A bird that forgets to fly.
A BIRD THAT FORGETS TO FLY.......
A few days ago, as I was walking back from the library in the evening, I passed by a familiar shop on my way home. It was a bird shop, or at least that’s what it could be called. The sight of it always struck me—cages lined up, each holding a bird, and there were so many of them. I could count at least thirty or forty, all different shapes and sizes, though most of them appeared to be of the same kind—small, delicate creatures. The shop had been there for as long as I could remember, at least seven years now, and its presence was woven into the fabric of my daily life.
I remember one day, as I was walking past with my sister, she suddenly stopped and gazed at the birds. “What if they were all set free?” she asked, her voice filled with quiet curiosity.
I thought about it for a moment before answering. "Even then," I said slowly, "they would probably die. They don’t know how to fly anymore, and even if they did, they wouldn’t survive in this harsh city. It’s not the environment for them. They’ve been caged for so long, this is all they know. In a place like this, they’re meant to stay in their cages."
I remember giving her the same answer, word for word, years ago when I had asked my Nanaji about the birds kept in my Nani's house. It was a simple answer, one that made sense at the time.
But just a few days ago, as I crossed the road, something different caught my eye. It wasn’t the shop that caught my attention this time, but the birds themselves, perched in their cages. There was a shift in the way I looked at them—a kind of unsettling realization. It was a feeling I couldn’t shake. I didn’t know what to make of it yet, but something told me that the simple answer I had always given might not be enough anymore. Something had changed.
Across the road, directly opposite the bird shop, stood a row of houses. More than twenty families lived there—lower-middle-class families who had been settled in that area for as long as I could remember. The houses, though simple and modest, had a certain permanence to them, their stories written in the fading paint and worn-out doors.
What caught my attention most, however, was the girls who lived in those homes. They were young, their lives already mapped out for them in ways they could barely question. Most of them had attended the nearby government schools, but they were still deprived of quality education and guidance. There was no support for their dreams, no one to show them what was possible beyond their immediate surroundings.
By the time they reached sixteen or eighteen, they were expected to marry, no questions asked. Once married, their world became confined to the four walls of their homes, where their duties were limited to household chores and caring for children. There was no room for personal growth, no opportunity to develop any skills beyond the domestic sphere. They were caged, just like the birds across the street, bound by an invisible force that kept them from soaring beyond their circumstances.
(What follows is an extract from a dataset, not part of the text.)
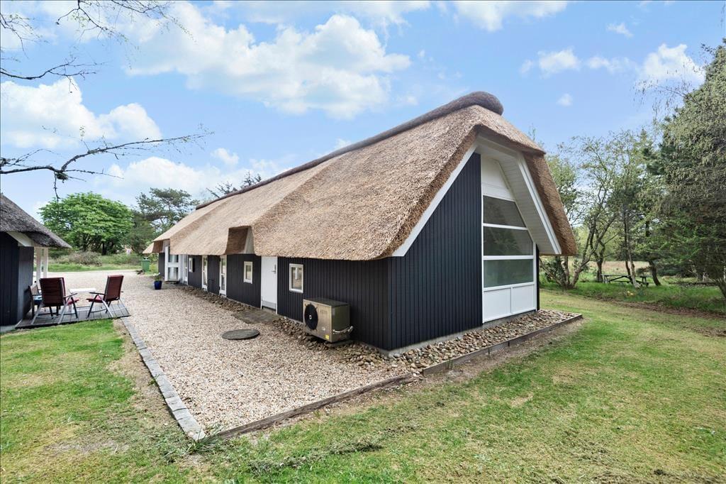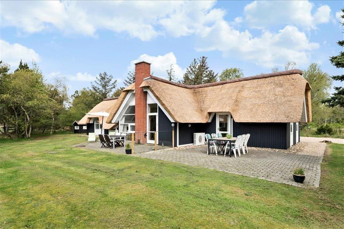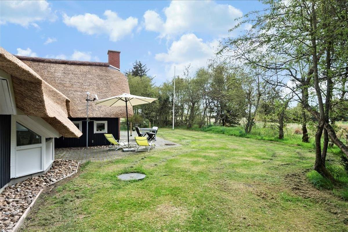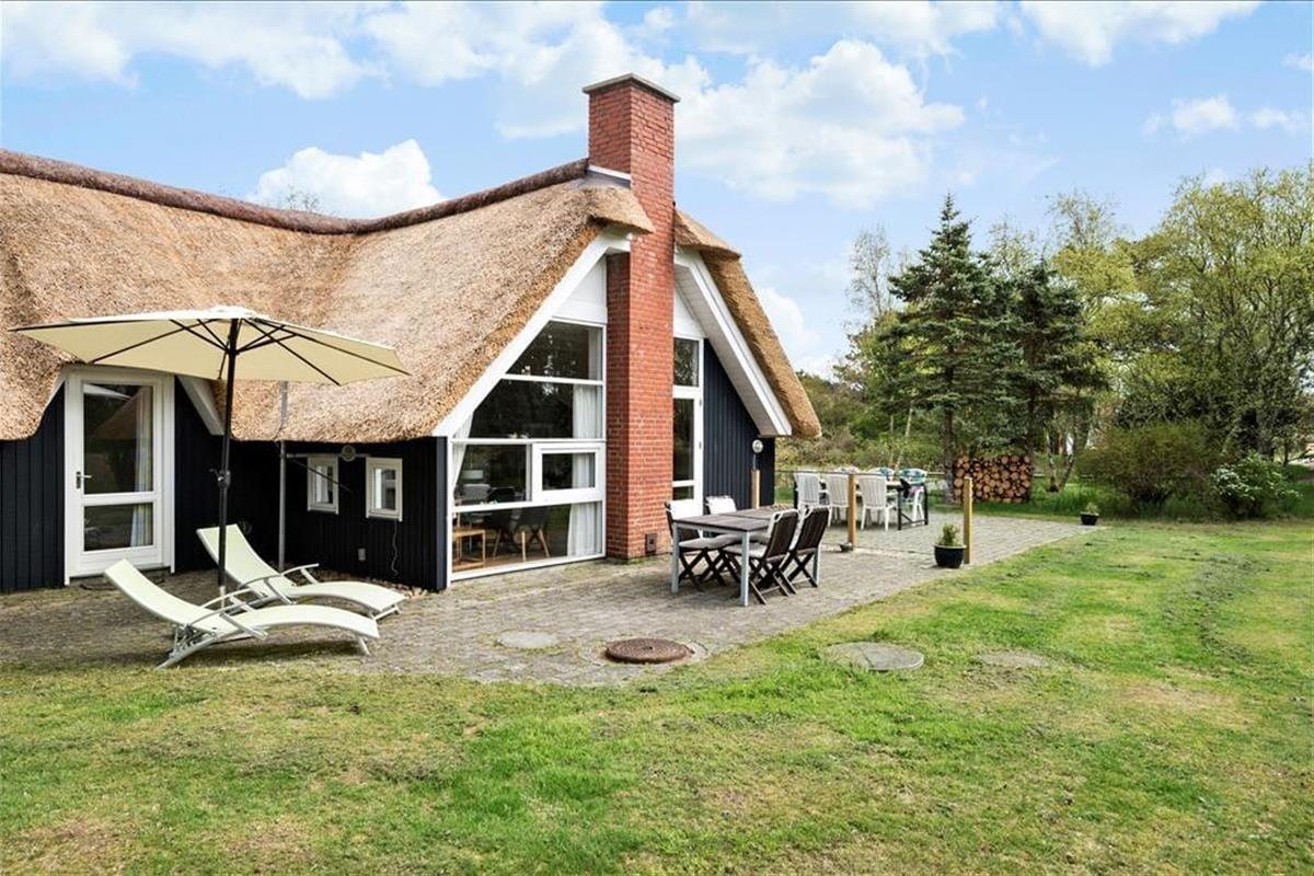 Nahe der Ortsmitte Blåvands liegt dieses schöne, reetgedeckte und schwarz gestrichene Ferienhaus. Vom Wohnzimmer haben Sie einen fantastischen Blick über die Felder. Das Ferienhaus verfügt über vier Schlafzimmer und somit ist Platz für zwei Familien vorhanden.

And then it hit me with an unsettling clarity—the birds weren’t the only ones trapped in that kind of existence. These girls, too, were caged. Caged by their circumstances, by their society’s expectations, and by the lack of opportunities to shape their own futures. The more I thought about it, the more I realized the striking similarity. The birds in their cages, unable to fly, seemed to echo the lives of those girls—both groups, unknowingly bound by the same kind of captivity.
For the first time, I saw it not just as a matter of the birds’ confinement, but as something far bigger—an entire system that keeps certain lives caged, whether it’s a bird in a shop or a girl in a home, restricted by boundaries she never chose. And in that moment, I couldn’t help but wonder: how many others, like the birds and the girls, were meant to stay inside the invisible cages built around them?